Yankees Already Flirting With Luxury Tax

On December 5, 2013, in Sporting News, by Buddy TB

Major League BaseballThe New York Yankees didn’t do so well last season. They didn’t even make the playoffs and Yankee fans are not going to stand for that once again next year. Neither is the ownership, the coaching staff or the players.

Even though spokesmen for the Yankee organization insisted all year long that the club had set a serious goal to stay under the $189,000,000 salary cap for 2014, it is already apparent that other factions within the group have other ideas.  One side wants to avoid the dreaded Luxury Tax… the other wants to win the pennant.

The Yankees just got off to a roaring start by signing outfielder Jacoby Ellsbury to a 7 year deal worth a healthy $189 Million, that’s almost 22 million bucks a year for one guy. Where do they go from here?

New York has already made a deal with catcher Brian McCann for $85 Million and they are still trying to come to terms with Robinson Cano who seems to want the entire budget all for himself. He’s very good, but come on.

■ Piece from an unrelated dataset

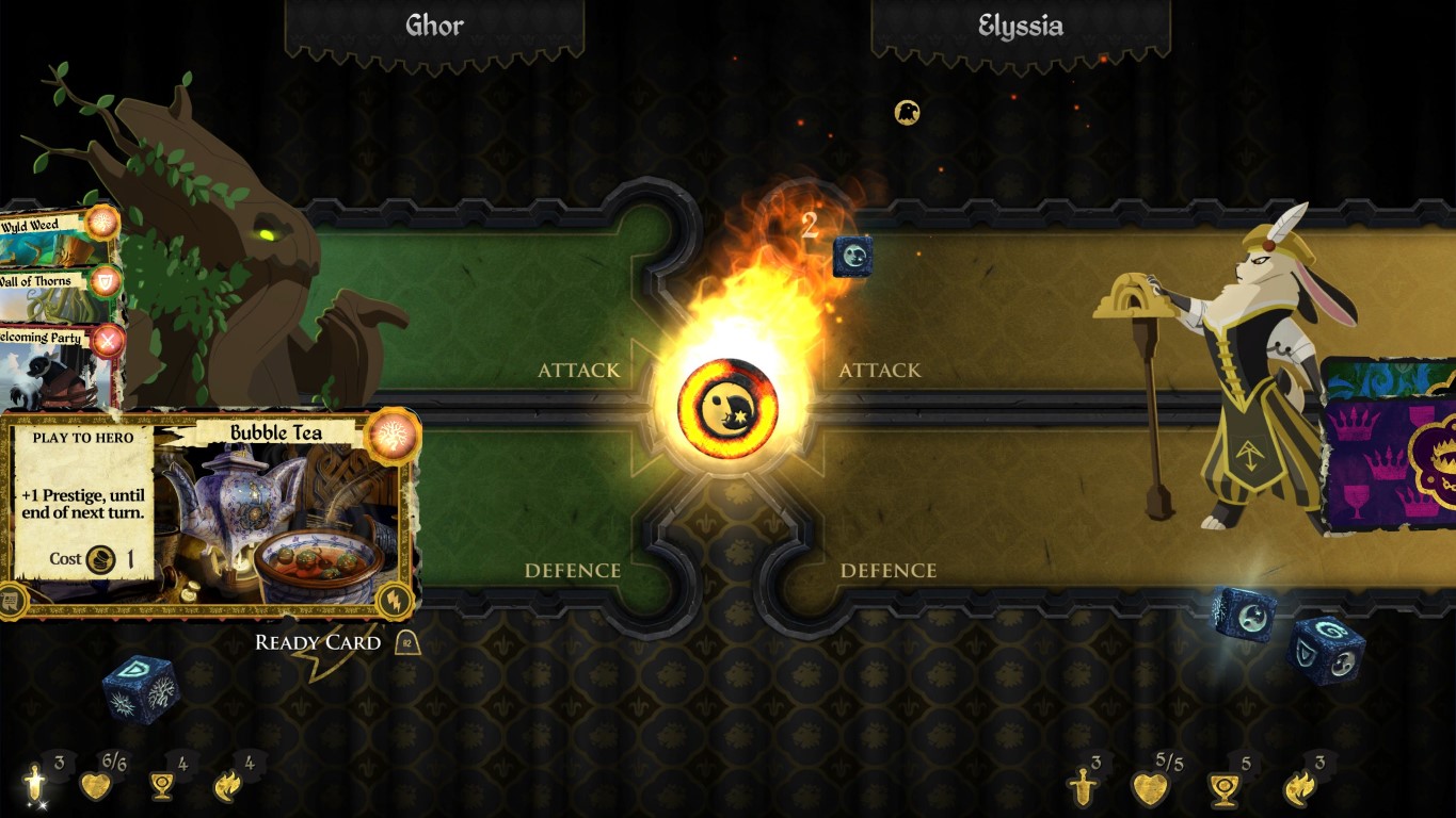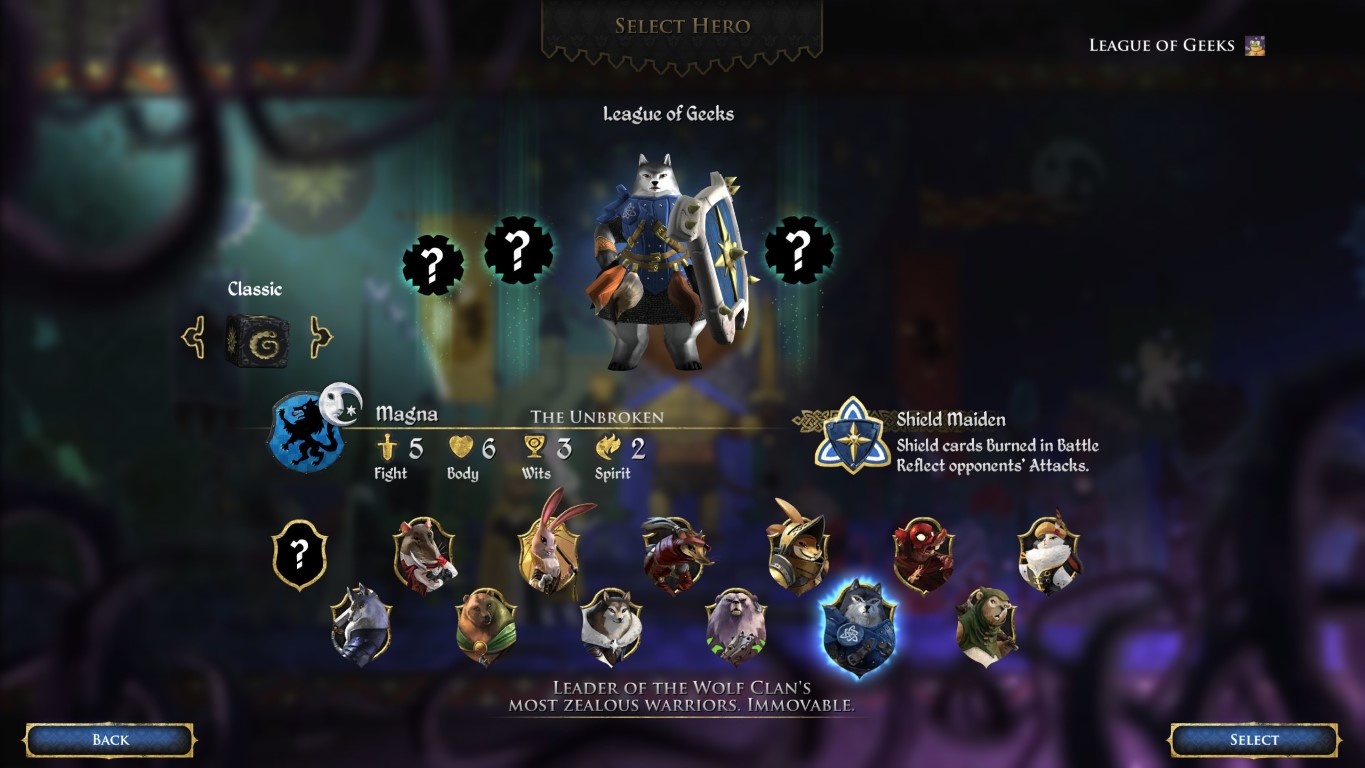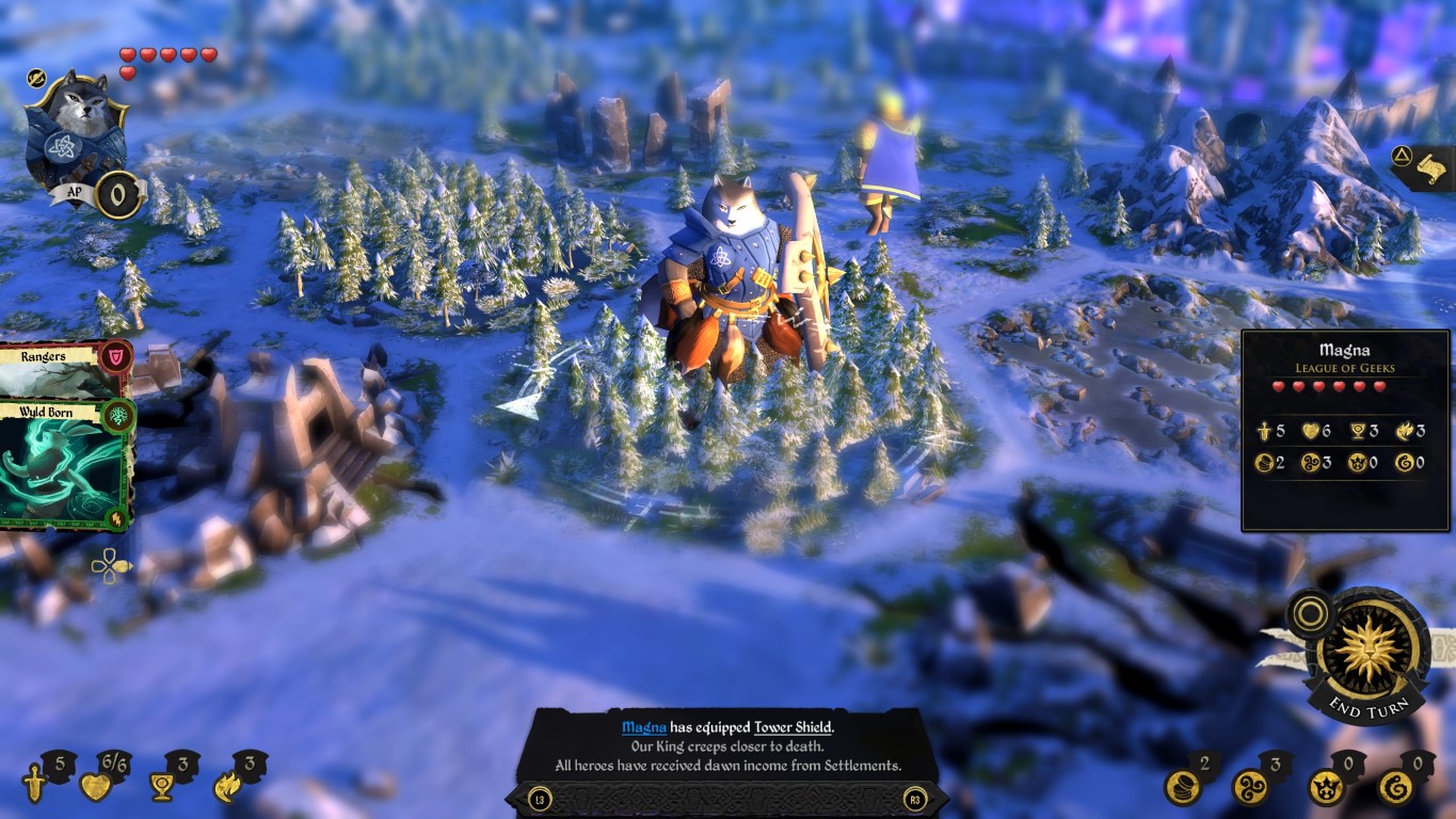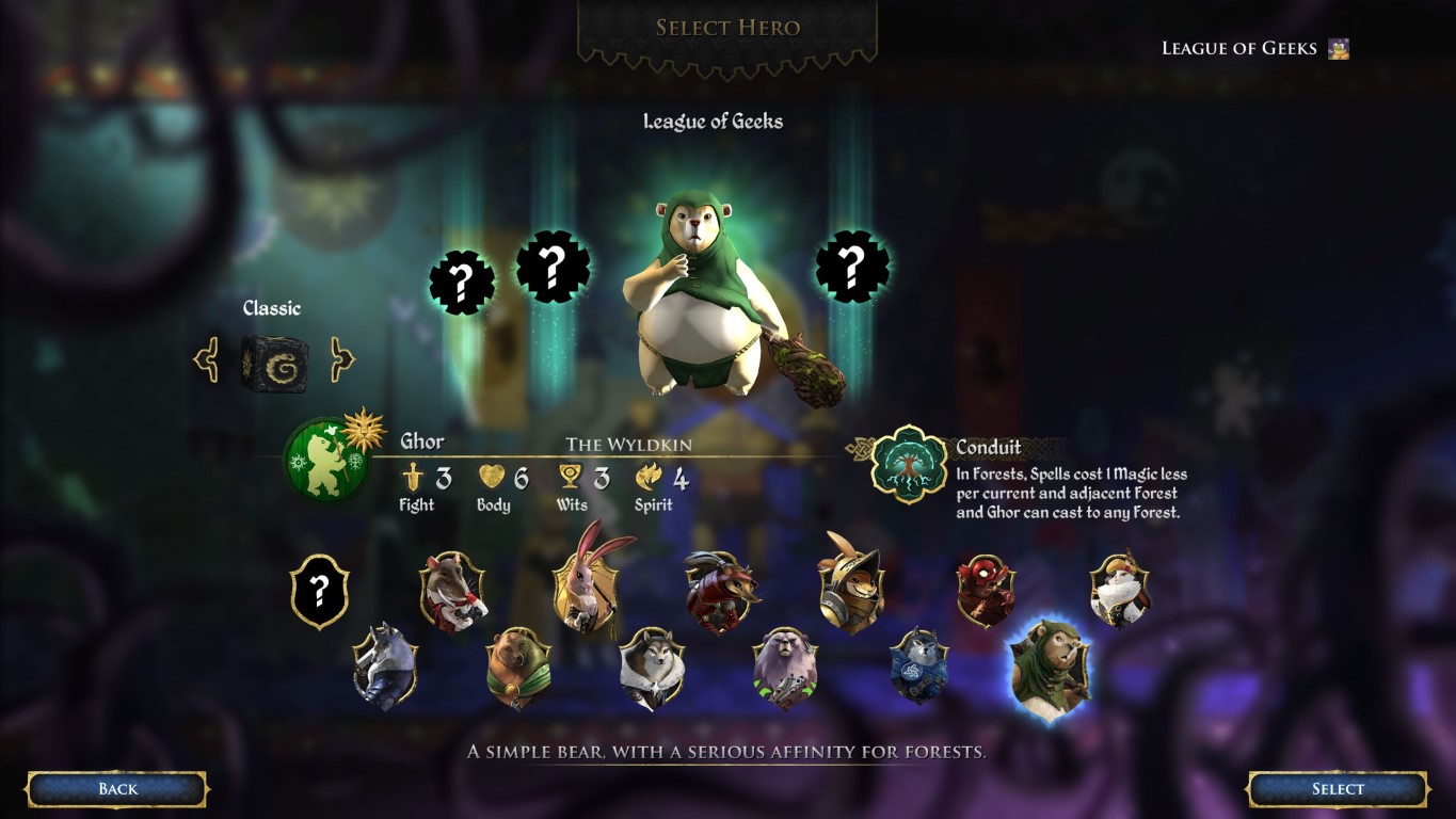 Ghor, il Wyldkin: un eroe del Clan dell’Orso la magia del quale trae potere dalle foreste. Il suo potere eroico è “Incanalare” che gli permette di lanciare incantesimi con uno sconto di energia magica pari a quanti boschi ha vicino, e gli permette di evocare una qualsiasi tessera boschiva sul tabellone. Questa potente capacità è ideale per giocare incantesimi in segretezza.

The Yankees also have to find a good starting pitcher and bolster up the bull pen in general and that won’t be cheap. Ironically, they just passed up a genuine bargain in ace closer Brian Wilson because, he wouldn’t shave his beard!

There are pending offers on the table for Omar Infante, Carlos Beltran and Shin-Soo Choo… all of whom will be demanding a pretty penny.

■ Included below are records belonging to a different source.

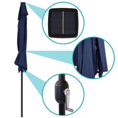 • LIGHT UP THE NIGHT: The outdoor half umbrella has 15 LED lights that are powered by the sun to illuminate any space at night. Sunlight is collected through the solar panel on top of the umbrella, and the LED lights located on the ribs of the umbrella are operated by a switch on the pole. The solar lights require 5-6 hours of direct sunlight to fully charge and will operate for approximately 4 hours.
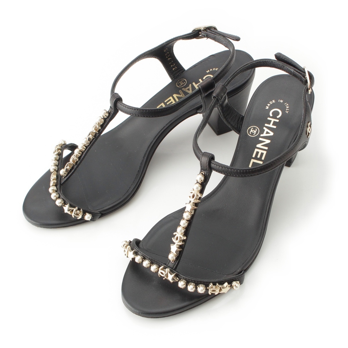 > シャネル レザー ココマーク パール スター ストラップ サンダル G36122 ブラック 37C【中古】
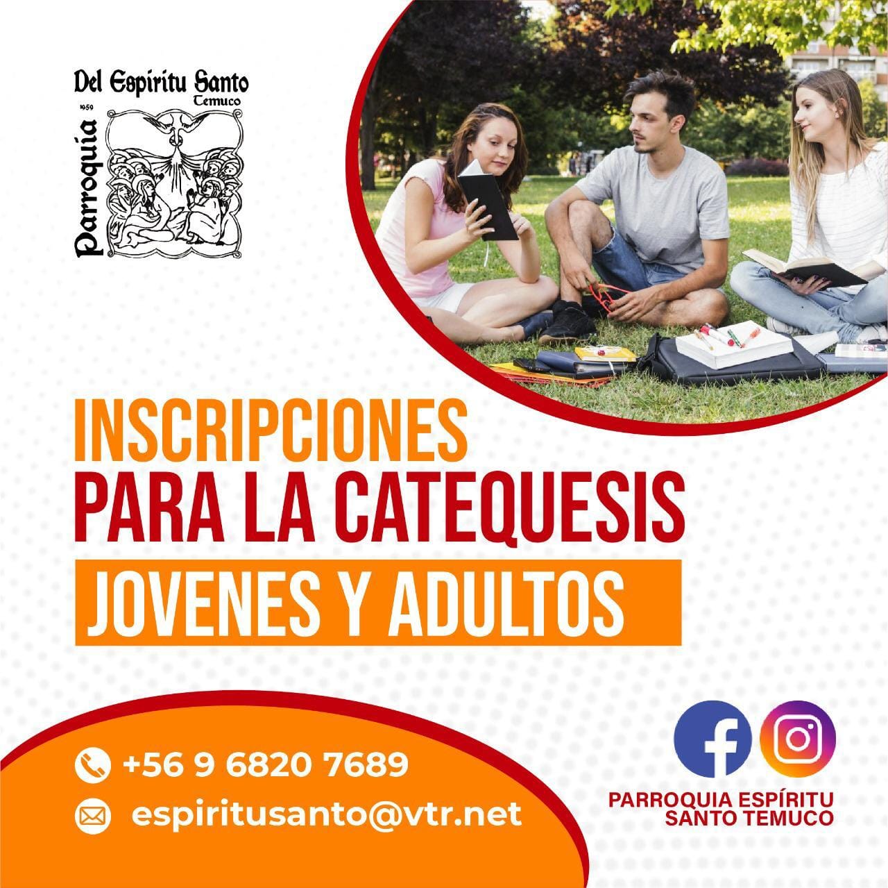 DiócesisNoticias P. ESPÍRITU SANTO: Proceso de inscripción de Catequesis Diócesis de Temuco8 junio, 20211 min. Para jóvenes y adultos. Total 0 Shares Share 0 Tweet 0 Share 0 Share 0 Share 0 Pin it 0 UNIDAD DE ACOMPAÑAMIENTO ESPIRITUAL impartirá curso de capacitación Domingo de Oración por la Iglesia Perseguida
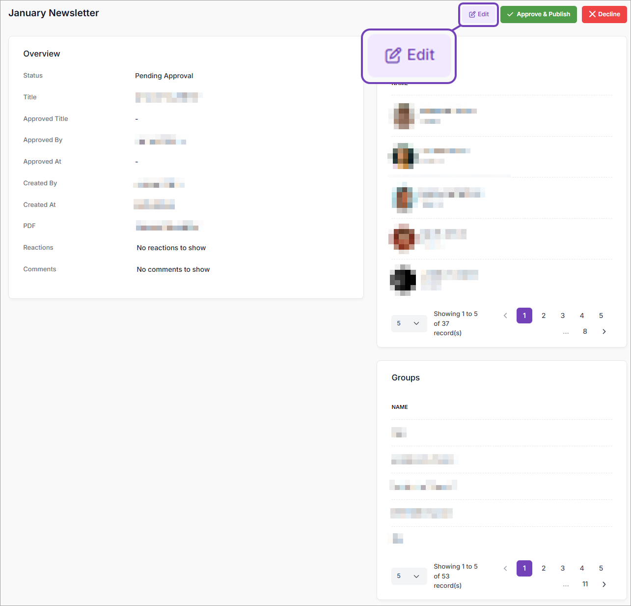You can only edit a newsletter that has a status of Pending Approval and was created in the current Academic Year. Approved or Declined newsletters cannot be edited.
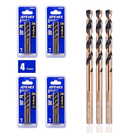JEFE HEX 12 Pcs 7/32" (Pack of 3, 4 Pack, Total 12) HSS Jobber Twist Drill Bit Set 3 Flats Shank Black and Gold Drill Bits
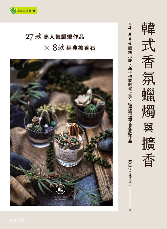 內容簡介 香氛蠟燭不僅有照明、紓壓、轉移情緒的作用,甚至成為居家擺飾、營造氛圍的好幫手,生活空間使用香氛蠟燭及擴香產品已成為許多人的喜好與樂趣。本書作者鉅細靡遺的傳授製作香氛蠟燭及擴香石的技法,並分享如何結合不凋花、乾燥花等不同素材創作出極富設計感的作品,只要跟著示範步驟操作,初學者在家也能做出極富時尚與優雅質感的作品喔!本書特色■詳述大豆蠟、蜂蠟、棕櫚蠟、蜂蠟片、硬脂酸、石蠟、凝膠蠟、微晶蠟等各種蠟材特性,分別示範如何運用上述蠟材製作27款精緻典雅蠟燭作品。■講解復古彩繪、破壞質感及浮雕質感等8款擴香石的所需工具材料、渲染上色技法與異材質結合技巧,讓您打造專屬自己的香氛小物。■講解色票應用、配色調色技巧,以及香氛精油種類特性、適用比例等知識。
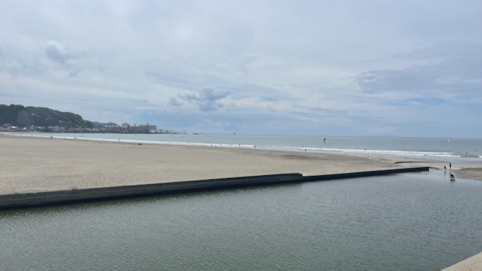 ▲ 沖合いには今日もオリンピックのセーリング競技の巡視船。

In base ball lingo it’s known as the ‘competitive balance tax’, but that’s not very romantic sounding, is it?  So the press has dubbed it baseball’s ‘Luxury Tax’ and by that name it is generally known. The salary ceiling cap is currently set at $189,000,000 for each team and any team exceeding that figure is subject to be taxed on a sliding scale, depending in part on past performance history.

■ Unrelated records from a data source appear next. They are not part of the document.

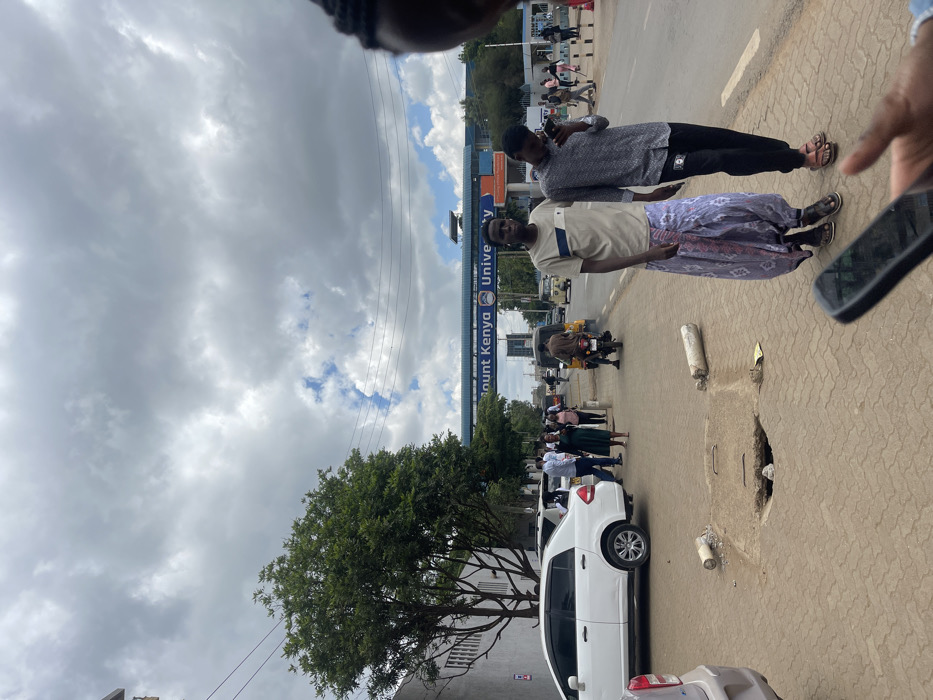 This image depicts an urban street scene in Thika, Kenya, specifically identifiable by the "Mount Kenya University" archway, placing it within the vicinity of Hospital Ward
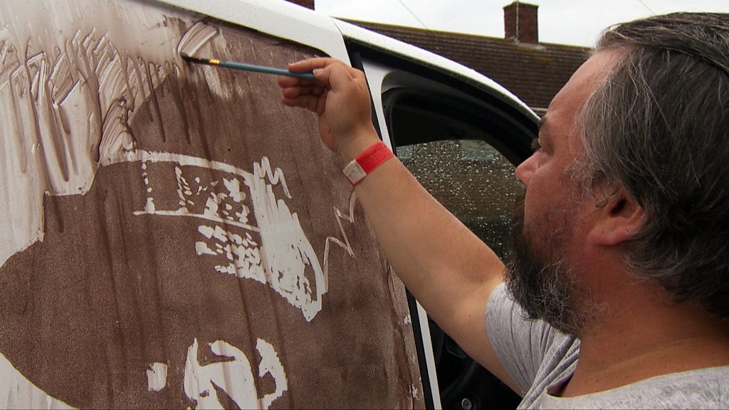 Rick Minns, aka Ruddy Muddy, covers the side of his van in specially prepared mud and uses it as a giant canvas for his drawings.
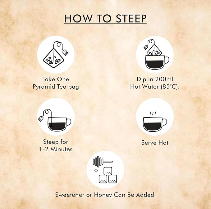 - 20 Enveloped Pyramid Tea Bags for Convenience & Freshness – Each pyramid-shaped tea bag is individually sealed in a foil envelope, ensuring hygiene, preserving aroma, and offering ease of use whether at home, in the office, or on the go.

If a team goes over the mark for the first time, they are hit with a relatively light 17.5% of the difference. If they repeat the overage for a second year in a row, it goes up to 30%.  Now that starts to bite. But wait, exceed the limit 3 years in a row and you will be paying a 40% on the excess. Finally, for repeat violators, like the Yankees, the tax goes up to 50% and stays there.

The New York Yankees have been paying the 50% ‘competitive balance tax’ for several years now.  They are probably getting used to it!